Kecanduan tembakau menyebabkan penyakit fatal lainnya seperti stroke, aterosklerosis, penyakit pembuluh darah perifer, dan penyakit dari ginjal dan paru-paru. Tingkat kekebalan tubuh secara keseluruhan Anda jatuh dan Anda tidak mampu melawan infeksi dan penyakit jauh sebelum mereka mengatur masuk infeksi Bronkitis adalah hal yang terpenting pada perokok sebagai kerusakan tembakau paru-paru. Tubuh Anda tidak mampu untuk mendapatkan kecukupan pasokan oksigen. Jika Anda merokok lebih dari dua puluh batang sehari, resiko tuberkulosis sangat tinggi.

Efek lain

Menghirup tembakau untuk waktu yang lama memiliki banyak efek luas. Anda mengembangkan noda pada jari dan gigi. Ini adalah noda permanen dan mereka tidak pergi. Pakaian Anda juga mengembangkan noda dan lingkungan Anda tinggal di bau asap rokok. Anda menyebabkan orang di sekitar Anda untuk berubah menjadi perokok pasif. Perokok pasif berbahaya bagi kesehatan anak.

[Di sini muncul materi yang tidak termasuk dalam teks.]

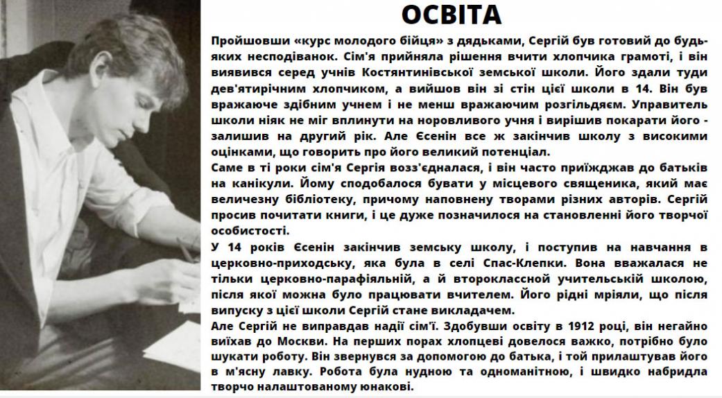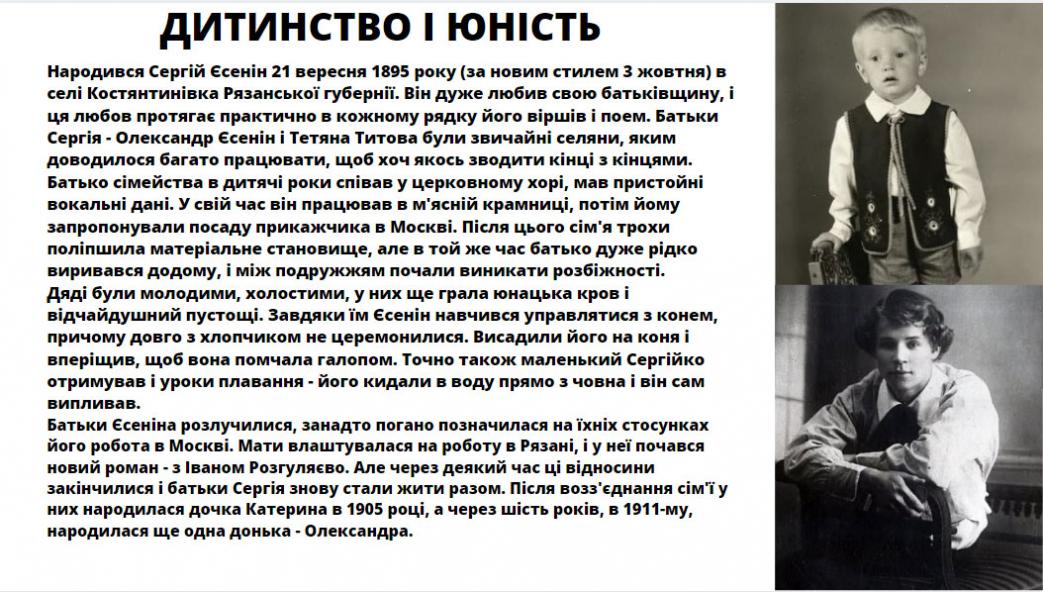 Допоможіть будь ласка зробити презентацію на тему Біографія Сергія Олександровича Єсеніна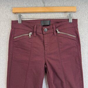 Vince Womens Shiraz Skinny Leg Moto Pants Wine Color Red Zip Detail Size 27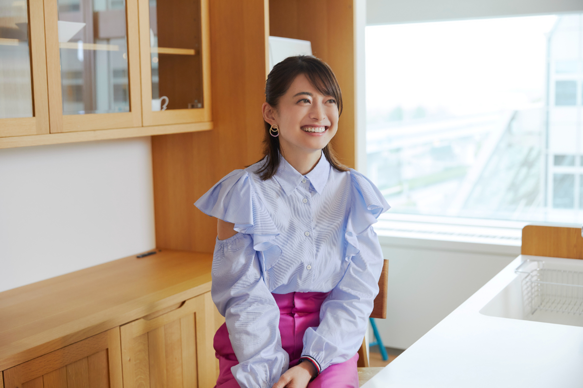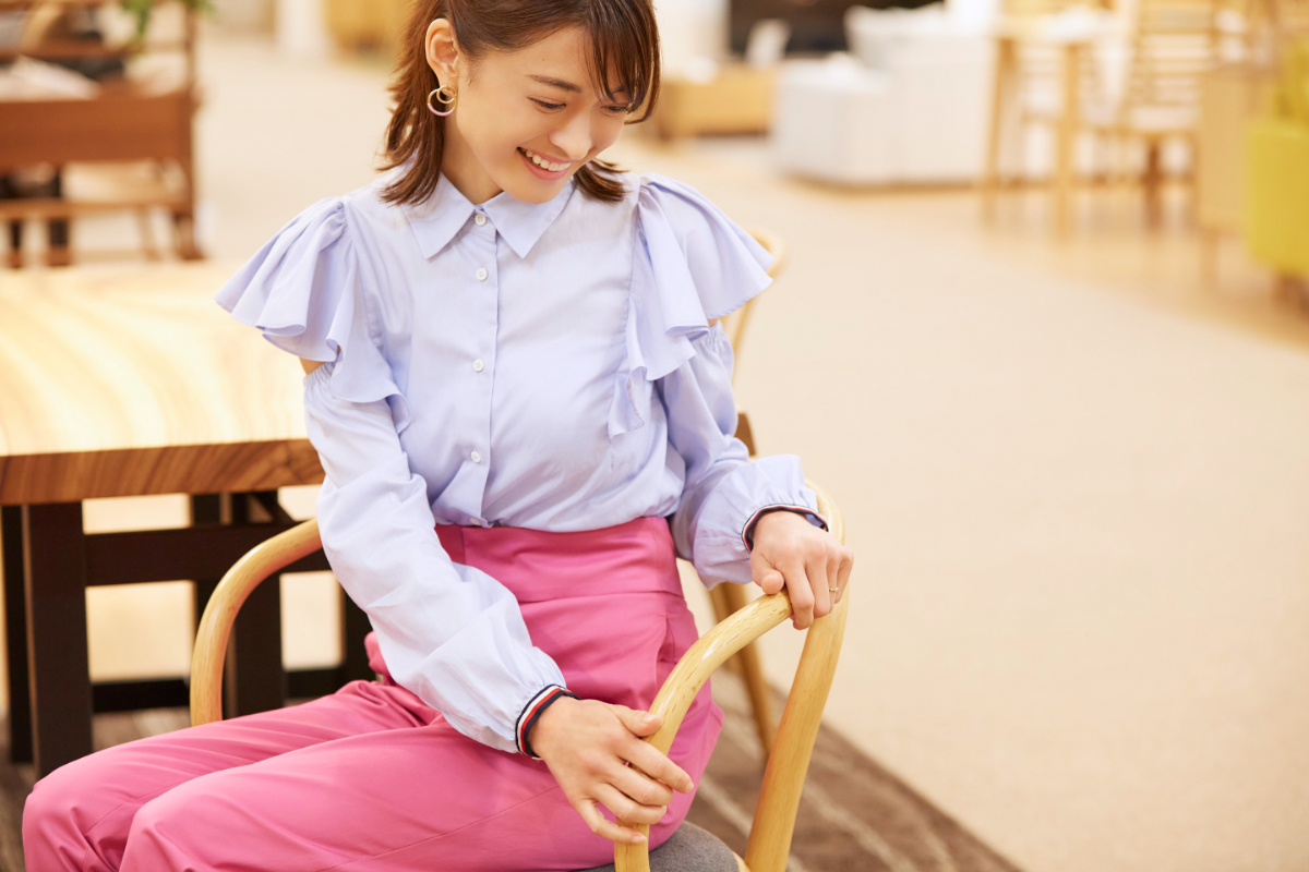 「このくらい近い距離感で、毎日一緒に夫とご飯を食べたいな」と微笑みながら座っていた乙葉さん。木材の素材を活かしたデザインと質感にも満足気。「このくらい明るい色のテーブルだと、ご飯も美味しく感じられそう」歳を重ねることに対して楽しさ、期待感を持つ乙葉さんの姿も、周囲を明るく照らす存在感でした。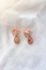 Hoa tai NK-190 hoa hồng phối đá bầu dục hoa trong

Bahaya merokok memanifestasikan dirinya dalam berbagai cara. Anda dapat memerangi bahaya merokok hanya dengan berhenti merokok. Anda memiliki begitu banyak pilihan untuk berhenti merokok tetapi Anda perlu tahu bahwa Anda hanya memiliki 5% kesempatan untuk berhenti merokok jika Anda mencoba untuk berhenti “kalkun dingin.”

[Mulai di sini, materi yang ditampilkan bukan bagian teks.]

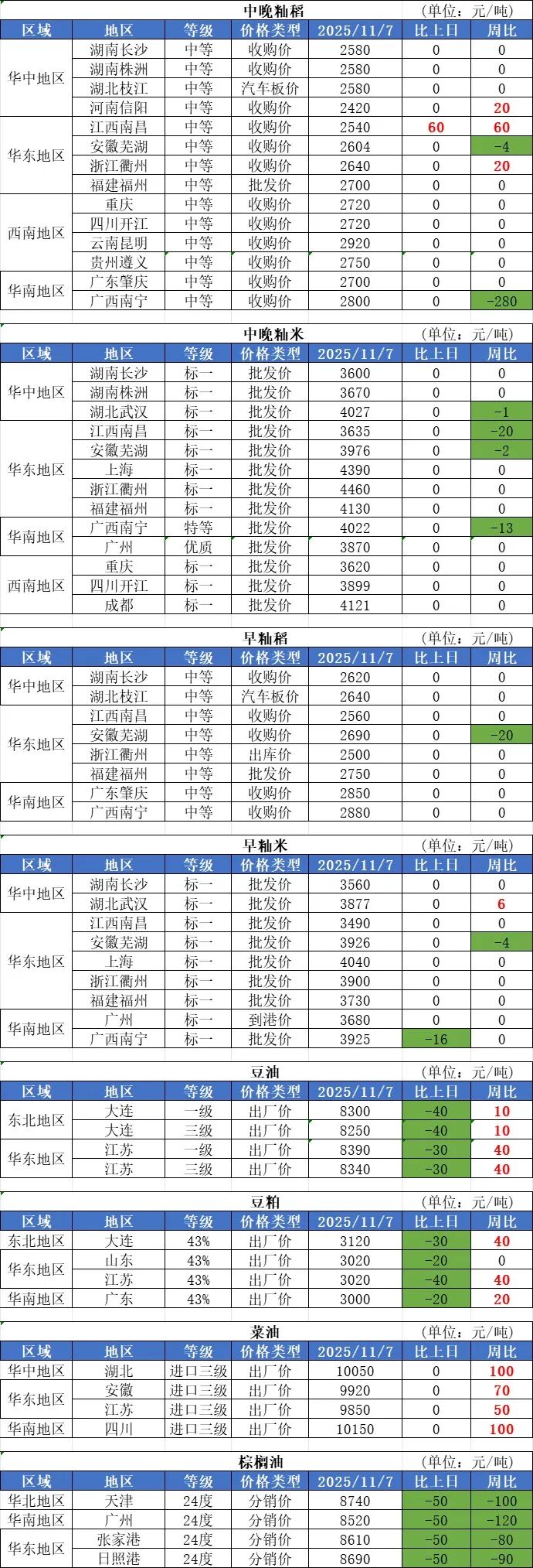 3、農(nóng)情調(diào)度顯示,截至上周,黑龍江和遼寧稻谷收獲基本完成;安徽一季稻收獲超過2900萬畝,進度過九成;四川稻谷收獲進度過九成。江西晚秈稻已收獲950萬畝,進度超五成;江蘇稻谷收獲進度約四成,同比進度快8%。吉林水稻已收獲1183萬畝,占比93%。

Kesempatan Anda berhenti merokok meningkat secara drastis jika Anda menggunakan metode berhenti merokok untuk membantu Anda menghindari bahaya merokok. Salah satu metode yang Anda mungkin ingin mencari karena memiliki tingkat keberhasilan yang sangat tinggi dan itu semua alami adalah NLP.

NLP bekerja dengan menargetkan dan menghilangkan keinginan untuk merokok membuat menendang kebiasaan merokok jauh lebih mudah. Bahaya merokok akan hilang dari hidup Anda ketika Anda berhenti merokok.